Two years later, Arnett caused a relatively major scandal on campus when he tried to stage a revolt against the Nine Dead Men, who he claimed were secretly controlling the University. The big news was not that this shadowy society might have some influence over the University administration—those who believed in the existence of the Nine Dead Men assumed this already—but that someone was publicly claiming to be one of the Nine Dead Men. Arnett said that he had been Abducted by the Dead Men in the fall of 1984, and then was named Quartermaster in the spring, a post which he held for the entirety of his sophomore year.
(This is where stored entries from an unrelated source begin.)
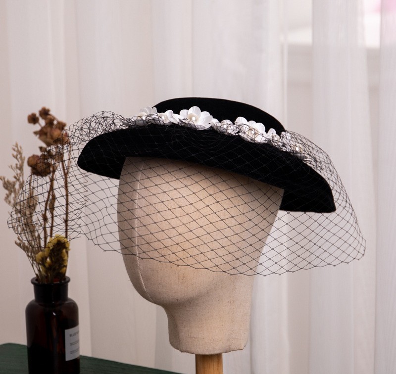 Color: C1206 Black flower Top Hat
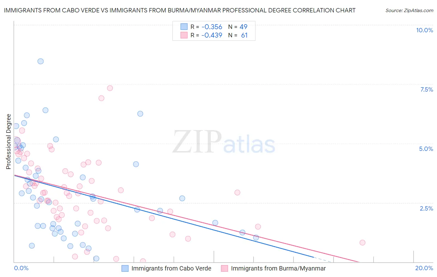 Immigrants from Cabo Verde vs Immigrants from Burma/Myanmar Professional Degree Correlation Chart
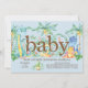 Adorable invitation de bébé dinosaure avec un mignon dinosaures sur une scène de jungle tropicale amusante sur un arrière - plan bleu. Invitation mignon pour un baby shower garçon. Visitez notre boutique pour voir cet invitation en d'autres couleurs.
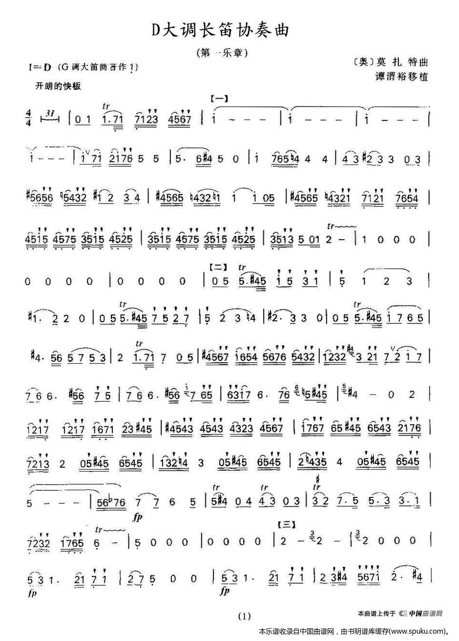 - [笛子谱,长笛谱] D大调长笛协奏曲 民乐类 竹笛
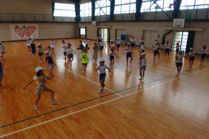 タブレットから流れる曲に合わせて、運動会の表現の練習をしています。
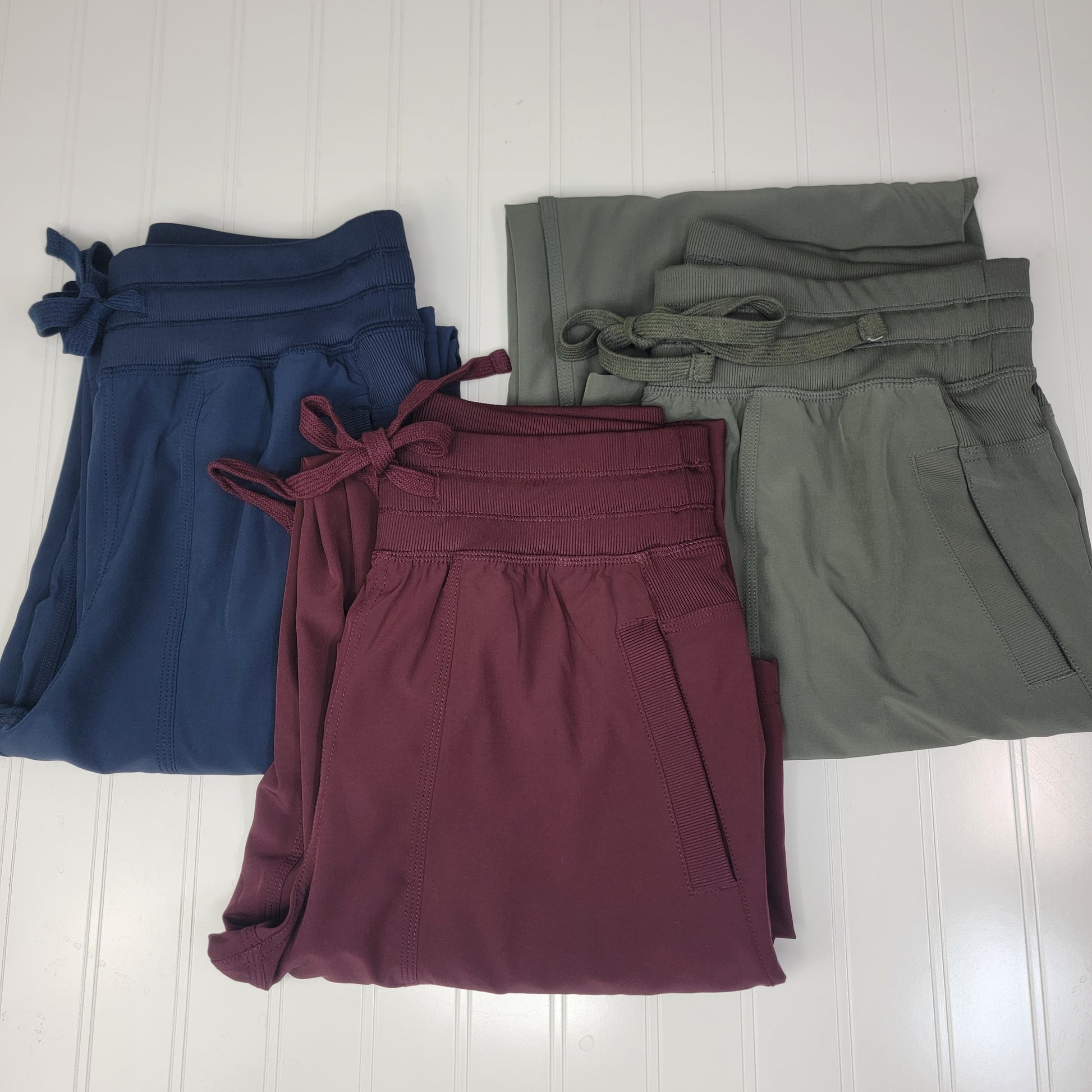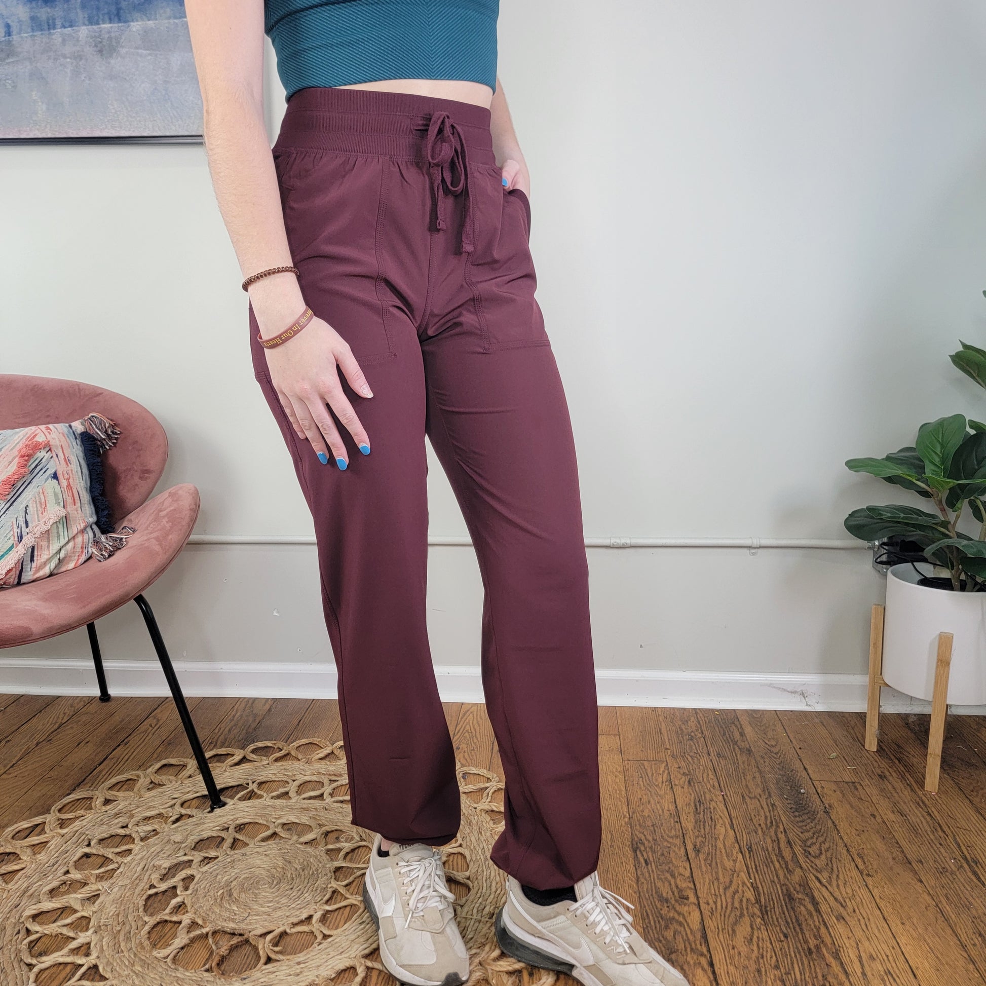 Available in several colors the Dance Studio jogger is a light weight and comfortable option for the gym, studio or running errands. This mid rise, full length pant has an elastic, tie waist and side pockets. Pant hems can be worn straight, or cinched for a cuffed ankle.
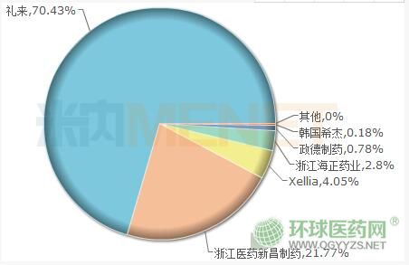 目前國內(nèi)市場有6家企業(yè)擁有注射用鹽酸萬古霉素生產(chǎn)批文,其中3家為國內(nèi)藥企,包括麗珠集團(tuán)麗珠制藥廠、海正藥業(yè)及浙江醫(yī)藥新昌制藥廠,3家為進(jìn)口藥企,包括禮來、政德制藥及韓國希杰。從2018年中國公立醫(yī)療機(jī)構(gòu)終端注射用鹽酸萬古霉素競爭格局看,原研廠家禮來占據(jù)70%以上的市場份額。
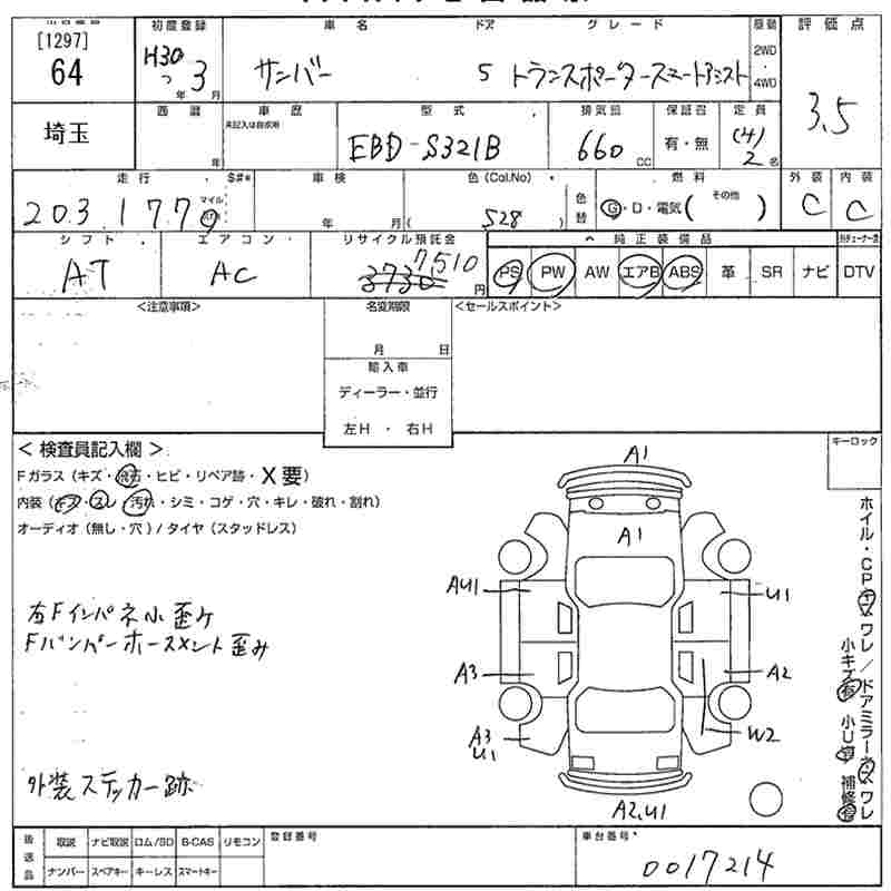 SUBARU SAMBAR VAN TRANSPORTER SMART ASSIST - лот 64

At first, Arnett said, he believed the Nine to be relatively harmless, a group of young men who enjoyed the idea of a secret society as a sort of conceptual art piece. But as his stint as one of the Undead continued, Arnett began to see things that concerned him. What these things were Arnett never said, his tongue stayed by fear or prudence or perhaps lack of imagination. He tried to put his misgivings aside and serve as Quartermaster, but near the end of his sophomore year his superiors asked him to do something he was unwilling to do; in his Student Union diatribes against the Nine Dead Men, he would only say that the request made of him was “unreasonable.”

         

The usual unnamed sources, however, say that this unreasonable request concerned Russell Boardman, who by that time had become a Resident Assistant in Wintertree, and a valued confidant of RLC Ron Marston. The specifics of the request remain a mystery, but one can only assume that Arnett and Boardman forged a bond during their time as roommates, and that Arnett was unwilling to jeopardize that bond simply to please his alleged superiors in a fictitious secret society.

         

Arnett’s crusade against the Nine Dead Men attracted a few supporters, mainly from the black-clad and unwashed segments of the student population, but his revolution fizzled as it became clear that the enemy (if it even existed at all) was unwilling to reveal itself, and though Arnett claimed to know their secret headquarters and meeting places, he had no evidence to back up his claims.

 

Dick closed the book. That was enough bullshit history for now. The main point was that this Quartermaster probably lived in 79 Wintertree last year; and as the only person Dick knew who fit that criterion was Chet, Dick searched the stacks for his roommate’s Handbook.